* _Problem description_: The part below that opens with the line containing "最后,信息学院与湛江市新南方电器有限责任公司进行了合作签约及研发中心挂牌仪式。" and closes with the line containing "The massive exterior" should be copied exactly, minus any pictures.

* _Data under study_:
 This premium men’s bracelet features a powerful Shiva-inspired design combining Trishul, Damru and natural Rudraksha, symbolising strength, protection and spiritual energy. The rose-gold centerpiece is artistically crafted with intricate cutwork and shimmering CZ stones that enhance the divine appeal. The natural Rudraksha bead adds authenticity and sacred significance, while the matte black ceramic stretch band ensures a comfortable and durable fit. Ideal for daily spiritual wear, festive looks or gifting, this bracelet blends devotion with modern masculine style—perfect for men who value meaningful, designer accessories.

...

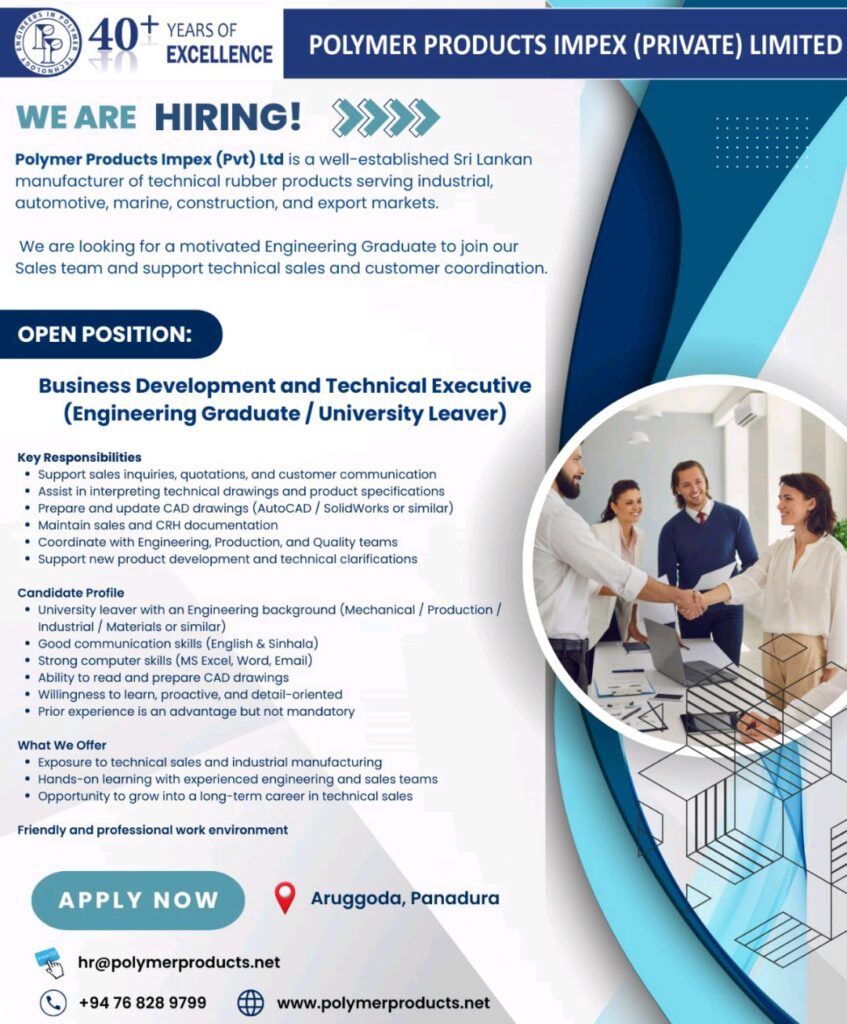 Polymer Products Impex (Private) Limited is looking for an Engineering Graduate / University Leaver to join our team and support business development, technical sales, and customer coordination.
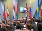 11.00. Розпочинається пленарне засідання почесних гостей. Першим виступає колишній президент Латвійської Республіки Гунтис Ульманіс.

==

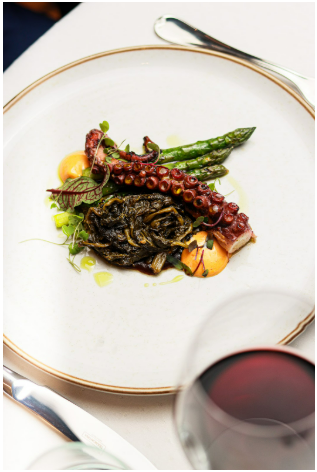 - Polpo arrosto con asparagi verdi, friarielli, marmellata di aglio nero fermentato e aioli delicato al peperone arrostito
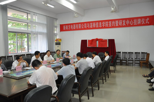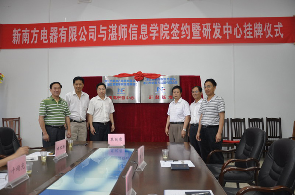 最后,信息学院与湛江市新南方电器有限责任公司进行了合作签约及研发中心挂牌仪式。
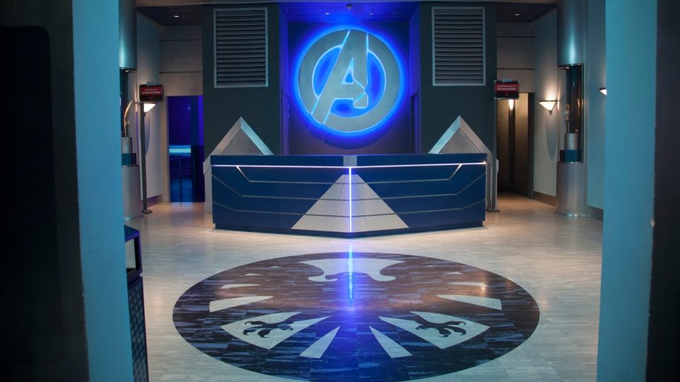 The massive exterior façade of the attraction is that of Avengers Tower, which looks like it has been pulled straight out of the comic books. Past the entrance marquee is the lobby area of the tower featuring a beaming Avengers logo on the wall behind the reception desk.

* _Exercise solution_:
 最后,信息学院与湛江市新南方电器有限责任公司进行了合作签约及研发中心挂牌仪式。
 The massive exterior façade of the attraction is that of Avengers Tower, which looks like it has been pulled straight out of the comic books. Past the entrance marquee is the lobby area of the tower featuring a beaming Avengers logo on the wall behind the reception desk.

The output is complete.